Can virtual nature help keep astronauts sane in space?

[If presence can produce even a subset of the benefits of nonmediated nature it could be immensely valuable in space travel and other contexts, as described in this story from Popular Science (which includes the mentioned video); more information is in a Dartmouth press release and see a related story from 2014 in ISPR Presence News. –Matthew]

Virtual Wembury screenshot

[Image: Screengrab from Virtual Wembury. Virtual simulation of a seaside village in the UK. It’s almost like the real thing.]

Can Virtual Reality Help Keep Astronauts Sane In Space?

Scientists are sending Oculus Rift headsets deep into the Arctic to find out

By Sarah Fecht
Posted January 4, 2016

Nature is good for us. Scientists are still working out the technical details, but so far evidence indicates that seeing sunlight, trees, and other green stuff helps your mental health.

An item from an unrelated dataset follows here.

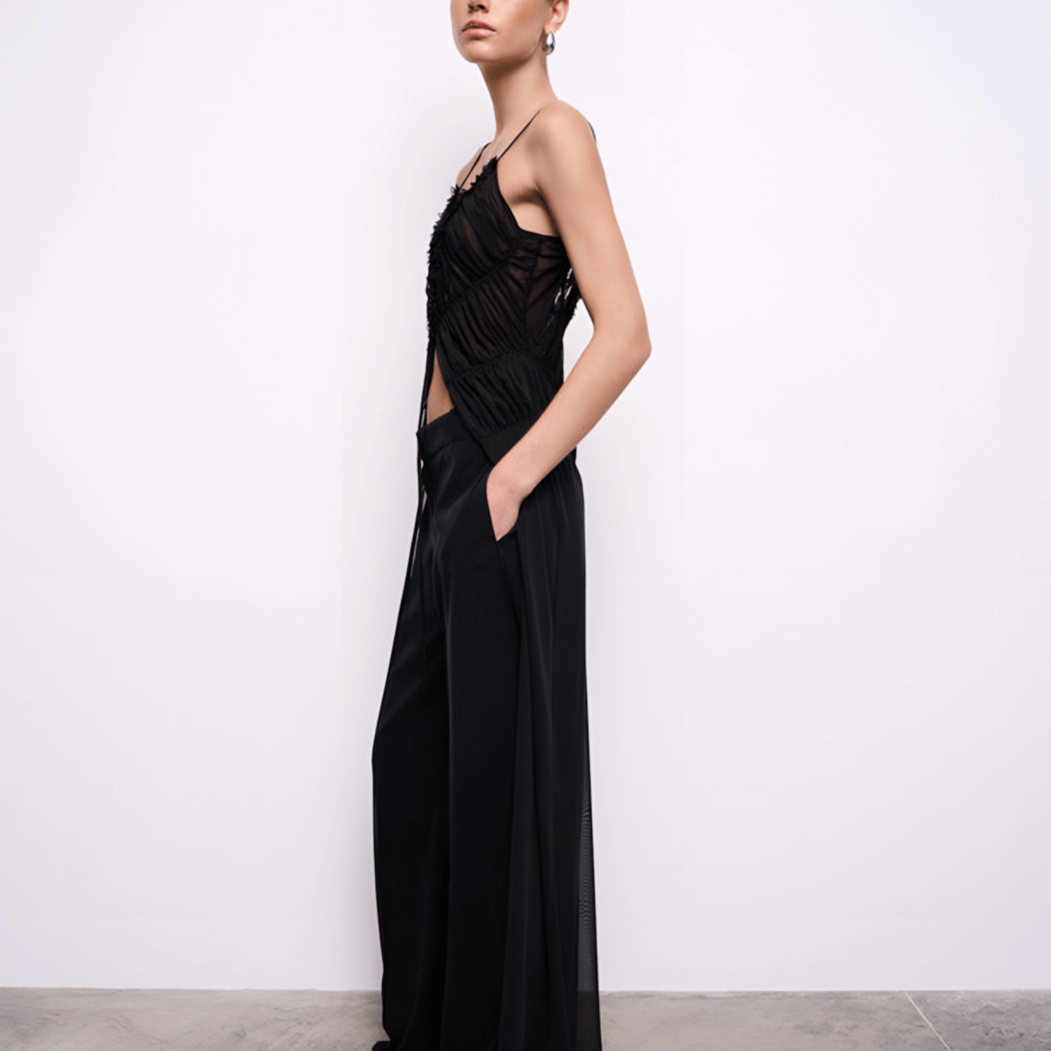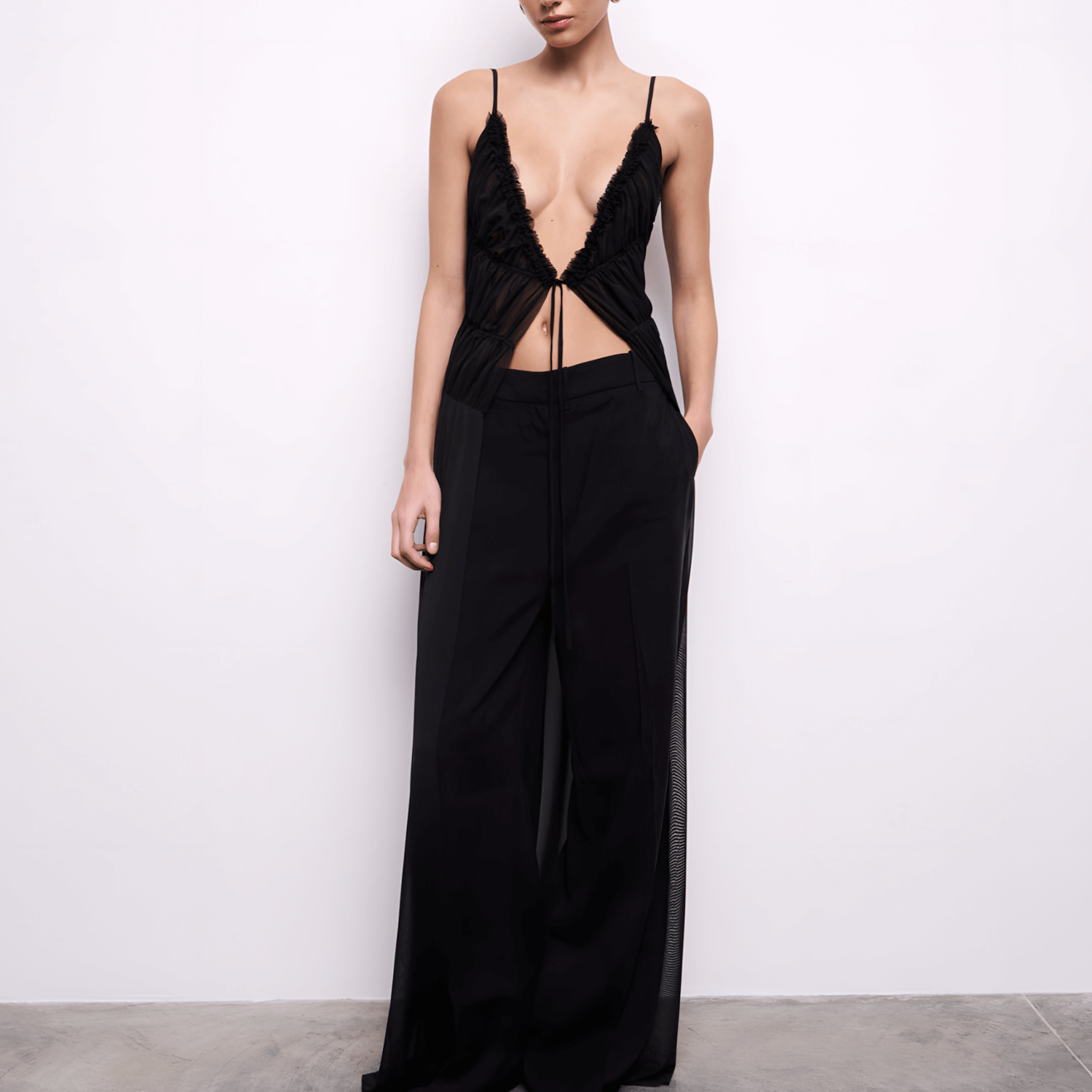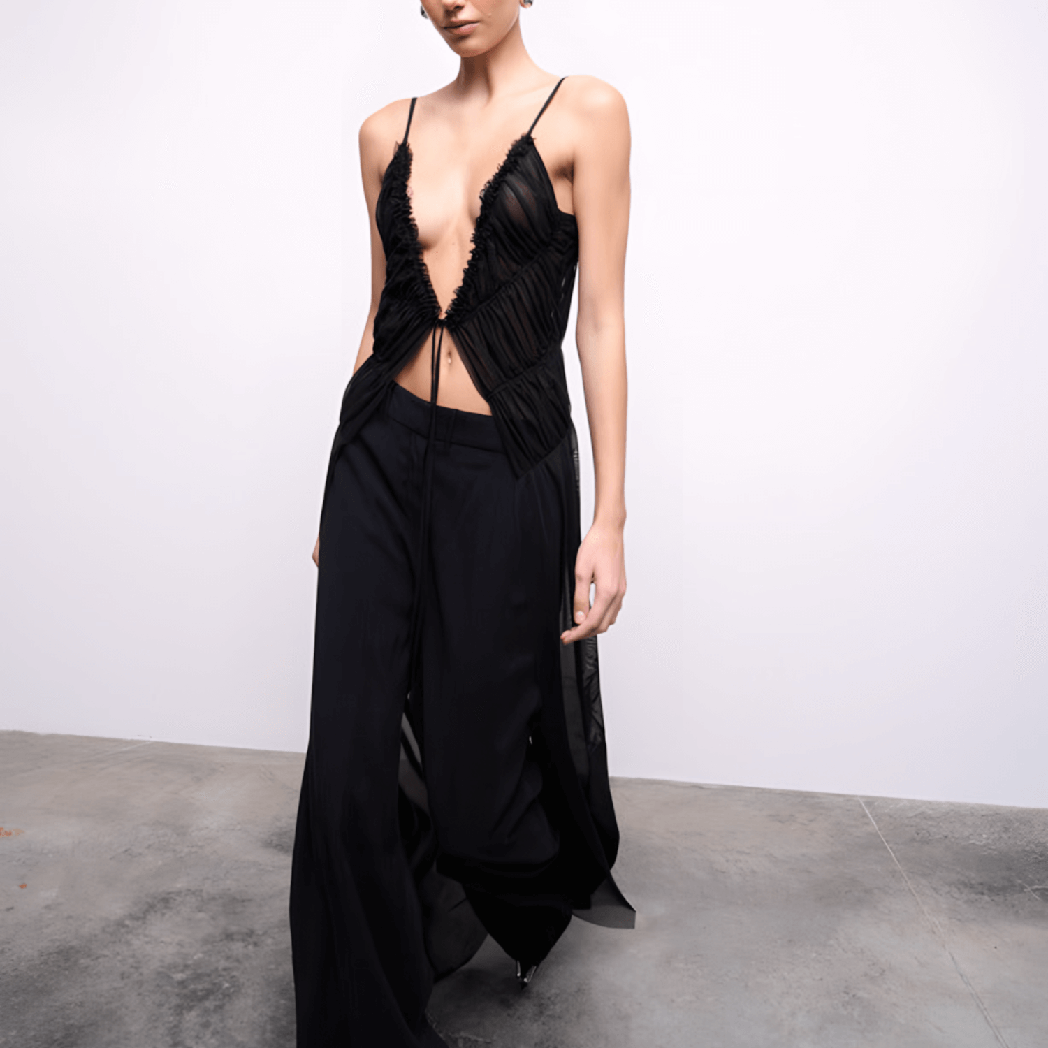 Deep V-neck top with ruched detail. Features adjustable thin straps, moderately sheer fabric, a front tie closure, and delicate stitching.

Unfortunately, there aren’t a lot of forests in space, and that sucks for the future astronauts we’ll send to Mars and back. They’ll spend about two years cooped up in a spacecraft with no option to stroll through a meadow or feel the sunshine on their skin, and that could wear on their psychological states.

Former astronaut Jay Buckey wants to see if virtual reality can help. The Dartmouth physician and his team have sent Oculus Rift headsets deep into the Arctic to test whether exposure to nature through virtual reality can help improve mood and stress levels.

When it comes to deep space exploration, “The more tools you can give people to maintain a good psychological state, the more successful the mission is likely to be,” Buckey tells Popular Science.

His team has sent the virtual reality headsets to a military station in Alert, Canada. Located 500 miles from the North Pole, Canadian Forces Station Alert is the northernmost permanently inhabited place in the world.

“People who live in this Alert station, they do well but it’s dark all the time and it’s very cold outside,” says Buckey. “So it’s a small group of people living in a confined space all the time. It’s not like you can go out for a walk in the woods.”

With the arrival of the Oculus Rift headsets, the Alert inhabitants will have the option to explore two categories of virtual scenarios. The first category includes a 360-degree view of a filmed environment–for example a spot on a beach, or a view of the mountains of New Hampshire or the Irish countryside. The views are photographical, so they look highly realistic, but viewers can only see the environment from one spot.

By contrast, viewers can actually move through the second scenario, “Virtual Wembury.” This is a simulation of a lovely seaside town in the UK, and though it’s computer-generated, users can navigate through it and explore. Take a tour [via the 3:57 minute interactive video] here.

Buckey’s team is interested in seeing which type of environment users prefer, and how that affects the user’s mood and stress. The experiment will last until March.

If the tech works, the team hopes to eventually test these virtual green spaces on the International Space Station as well.

But you don’t have to be an astronaut to appreciate the potential benefits of virtual greenery, if they exist. Virtual Wembury is part of an ongoing experiment to see if virtual scenes of nature can help facilitate recovery patients in a UK Intensive Care Unit.

Buckey suggests the simulations could also provide useful to the elderly or people who are limited in mobility…and maybe even for the rest of us who can’t seem to get away from the computer long enough to step into nature.